Il y a dans Curse of the Moon non seulement du Castlevania, pour l’ambiance, l’enrobage et ses armes iconiques, mais aussi du Megaman, pour le level design retors et inventif, et du Duck Tales, pour l’exploration qu’il propose et les trésors qu’il cache.

A la manière de Megaman, « Bloodstained: Curse of the Moon » joue habilement de la variété des niveaux, des ennemis et des compétences. / INTI CREATES

C’est aussi un jeu qui, tout en se revendiquant d’une époque, aime souvent à la sublimer, en jouant par exemple sur des effets tardifs, comme les décors animés sur plusieurs plans, à la manière de Batman: Return of the Joker en 1991. Elle se fend également de quelques effets de lumières ou de rotation inattendus. Sans sortir du registre nostalgique du pixel art, elles relèvent cette recette à l’ancienne d’épices encore inconnues à son époque.

Montre à gousset du jeu vidéo

C’est que d’une manière générale, Bloodstained: Curse of the Moon n’est ni un remake, ni une suite officieuse aux Castlevania d’antan. C’est davantage un jeu conçu pour coller à l’image que les joueurs se font des Castlevania d’antan, émondé de leur rigidité, de leurs ralentissements et de leur aridité d’époque.

Certains pourront d’ailleurs lui reprocher de ne durer que deux petites heures, quand bien d’autres la remercieront de ressusciter cette saveur d’antan dans un format désormais compatible avec une vie d’adulte trop occupée pour les longues sessions d’autrefois.

« Bloodstained: Curse of the Moon » va bien plus loin qu’un simple jeu de 1986. S’il était sorti sur NES, ç’eut été l’un des plus ambitieux de la console. / INTI CREATES

Un cheminement moins linéaire, une difficulté plus adaptable, une réalisation plus flatteuse, finissent d’offrir à ce bijou d’orfèvrerie à l’ancienne – sorte de montre à gousset du jeu vidéo – les molletons de la modernité.

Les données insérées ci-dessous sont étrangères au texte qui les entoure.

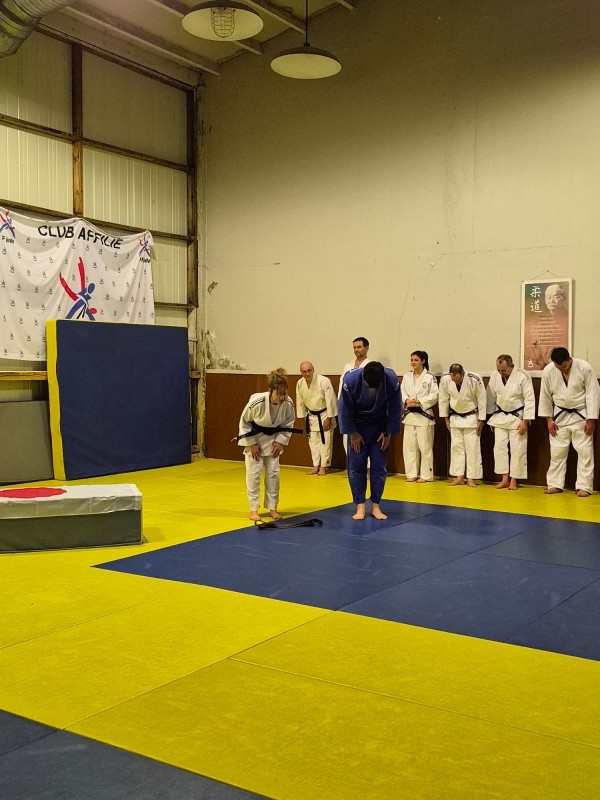 Pour Louis Diem, il a insisté sur la constance. Il a décrit un judoka sur qui le club peut compter, présent, respectueux et toujours à l’écoute, capable de corriger puis de recommencer sans se mettre en avant. Il a aussi souligné son sérieux sur le tatami, son travail mené pendant des années avec Gérard Claudel, directeur technique du club, et sa capacité à accepter la charge d’entraînement sans se plaindre. Pour lui, cette ceinture noire n’a rien d’une surprise et s’inscrit dans la continuité de son engagement.
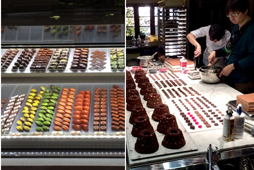 若林右側下は『失恋ショコラティエ』というドラマのチョコレートの店の風景です。普通にショーウィンドーに飾るのは、あらかじめ包装されたものをきれーいに並べておけるのですが、常に温度の低い所でないと溶けますよね。しかしスタジオは照明がガンガンに当たっているので、だいたい溶けますよね。
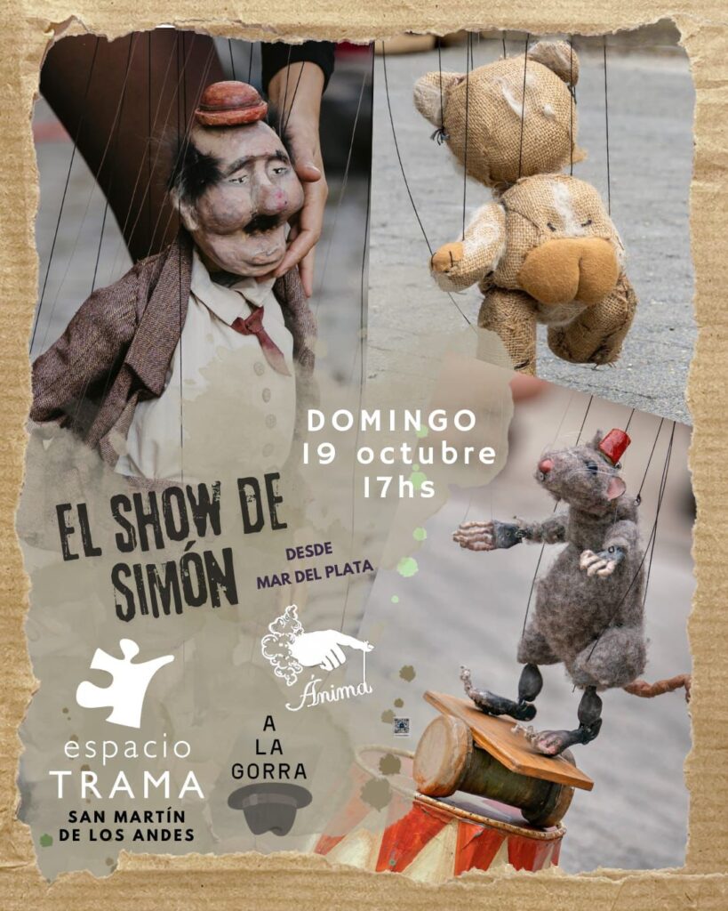 El próximo domingo 19 de octubre a las 17:00, se presentará en Espacio Trama (General Roca 320) la obra “El Show de Simón”, una propuesta teatral de marionetas ideal para compartir en familia.
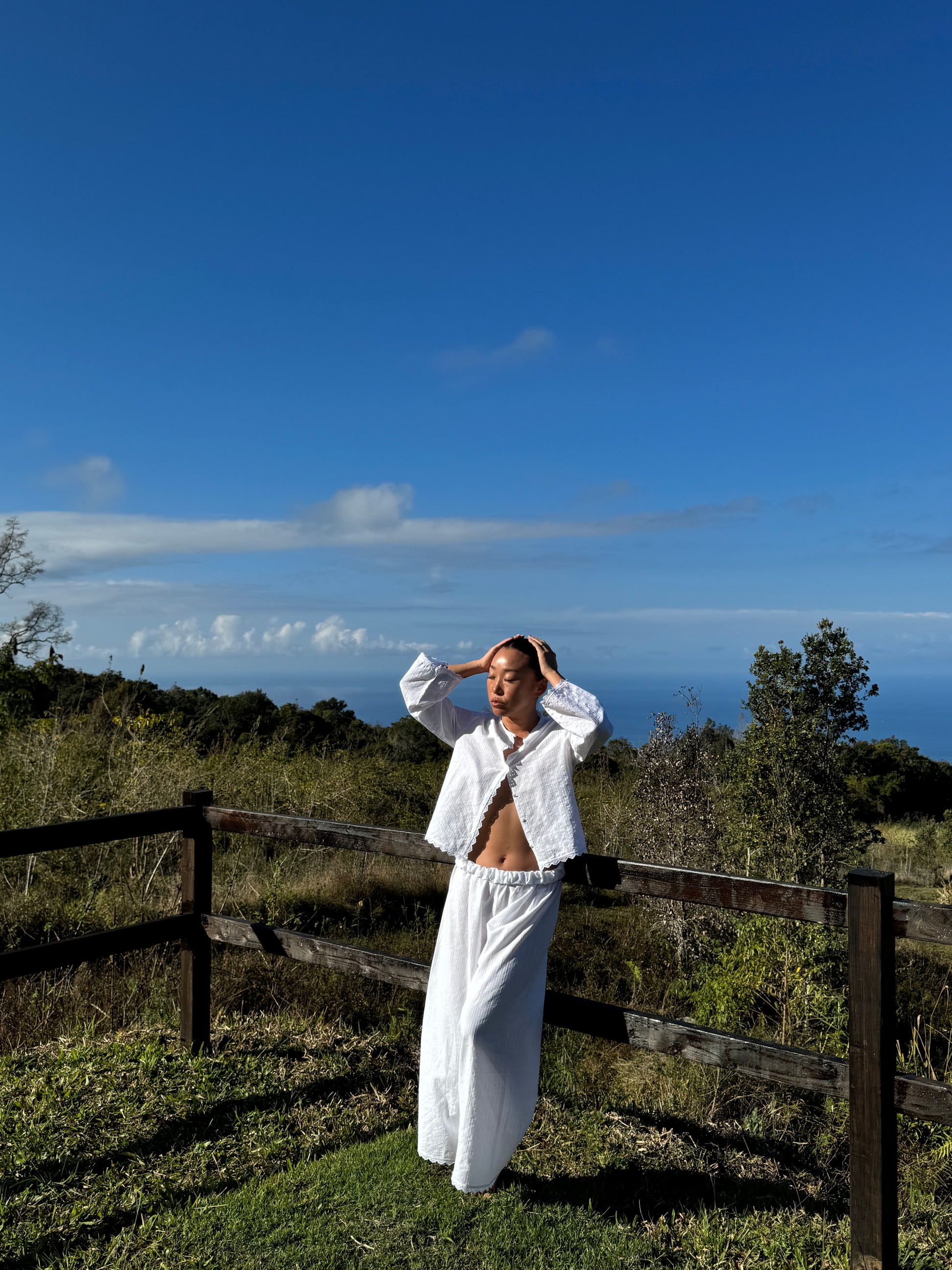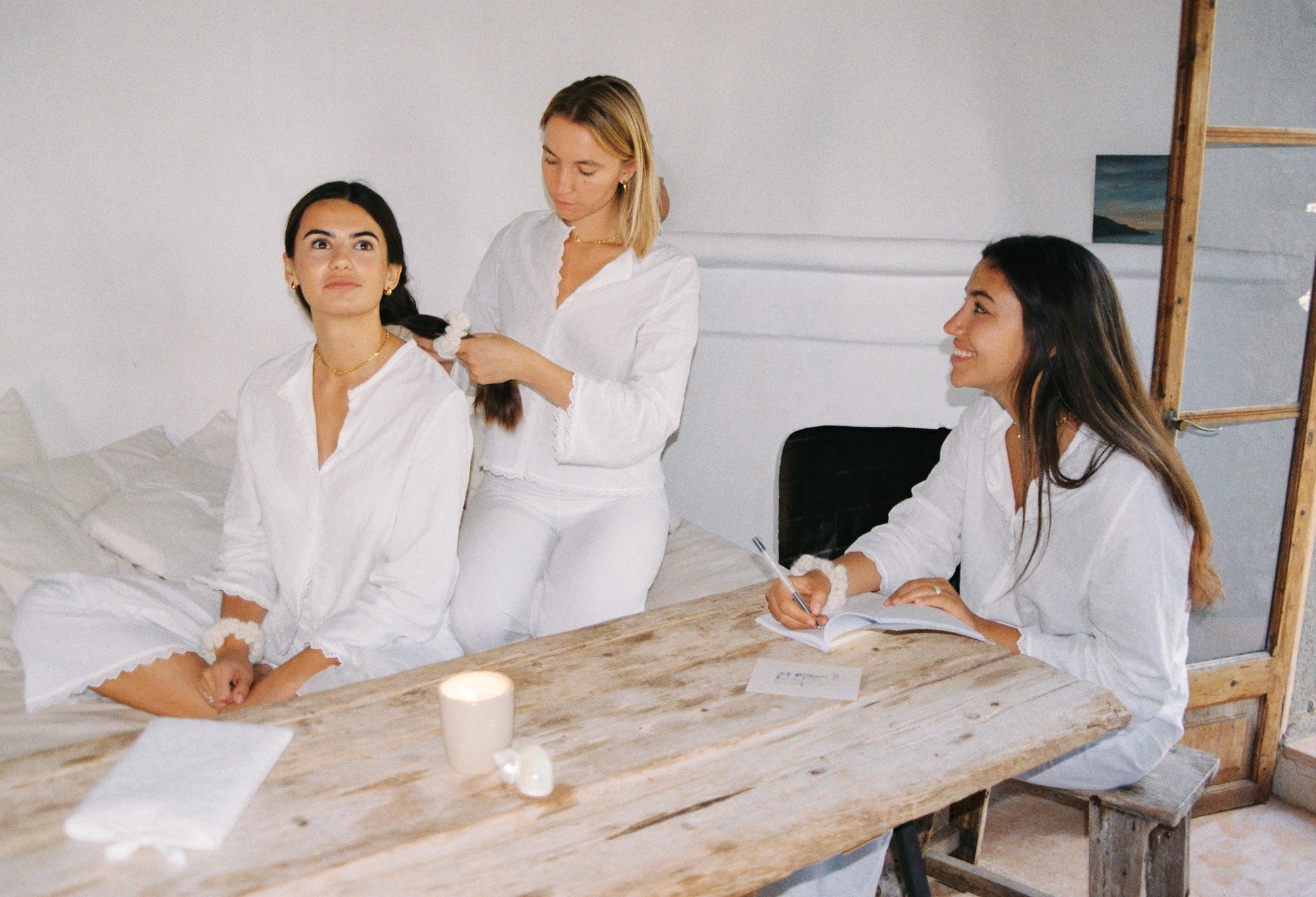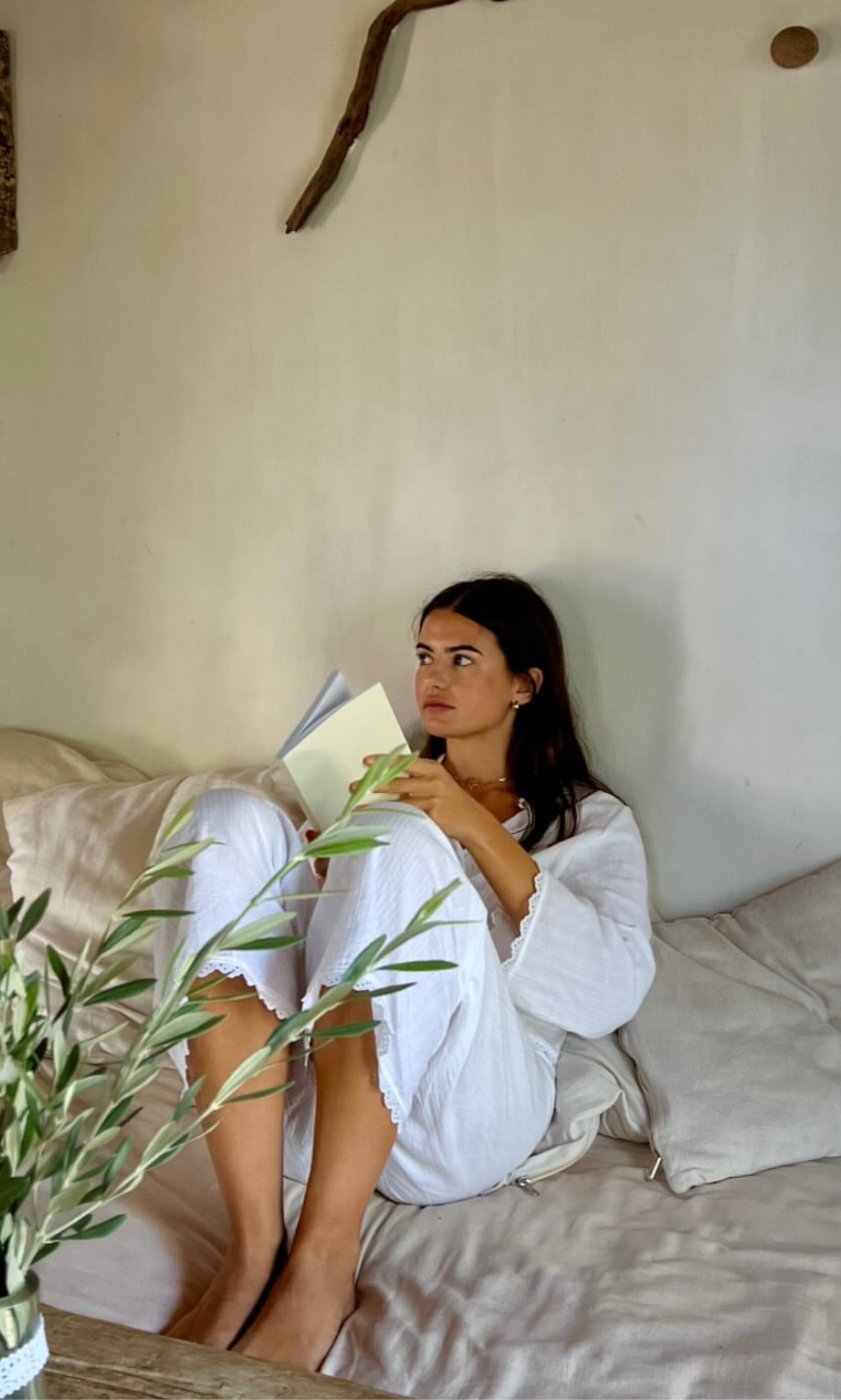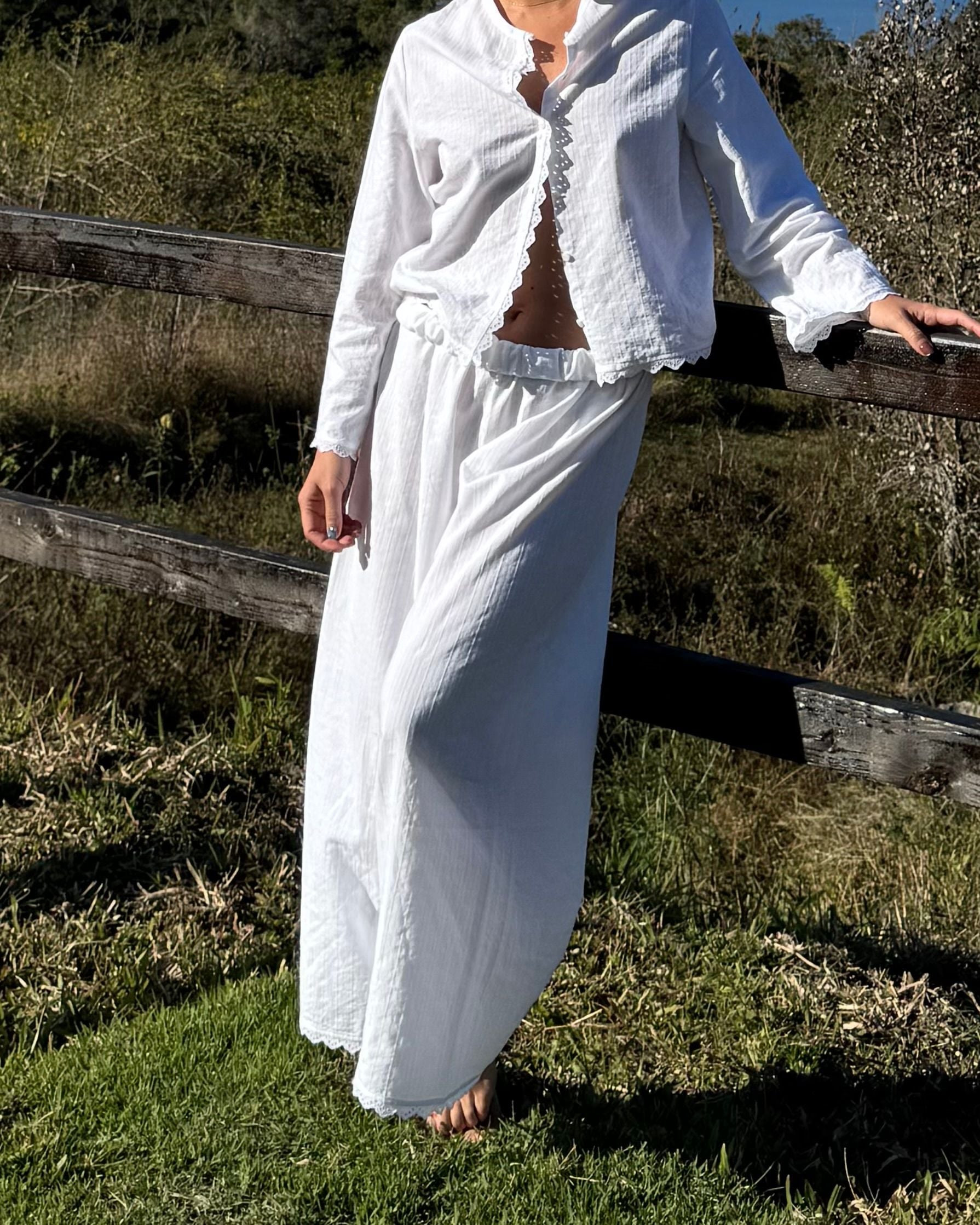 The ultimate Mediterranean pajama, lovingly handmade in Rome from soft, organic cotton and finished with the most beautiful lace. Inspired by the gentle pace of slow living in the Mediterranean, this set invites you to unwind and lounge in comfort, perfect for savoring serene mornings and leisurely afternoons.

Sortez les Choco BN, et faute de Banga, du Yop fera bien l’affaire.

En bref

On a aimé :

  • l’ambiance rétro, pulp et gothique ;
  • des niveaux à tiroir à découvrir en plusieurs fois ;
  • meilleur jeu NES depuis Shovel Knight.

On n’a pas aimé :

  • l’attitude d’Adrien Rabiot ;
  • (c’est tout).

C’est plutôt pour vous si...

  • vous avez peu de temps pour replonger en enfance ;
  • vous n’arrivez pas à re-rentrer dans vos anciens jeux NES.

Ce n’est pas pour vous si...

  • vous cherchez le Dark Souls des jeux NES ;
  • vous n’appréciez pas les jeux courts ;
  • vous êtes le détenteur officiel de la licence Castlevania.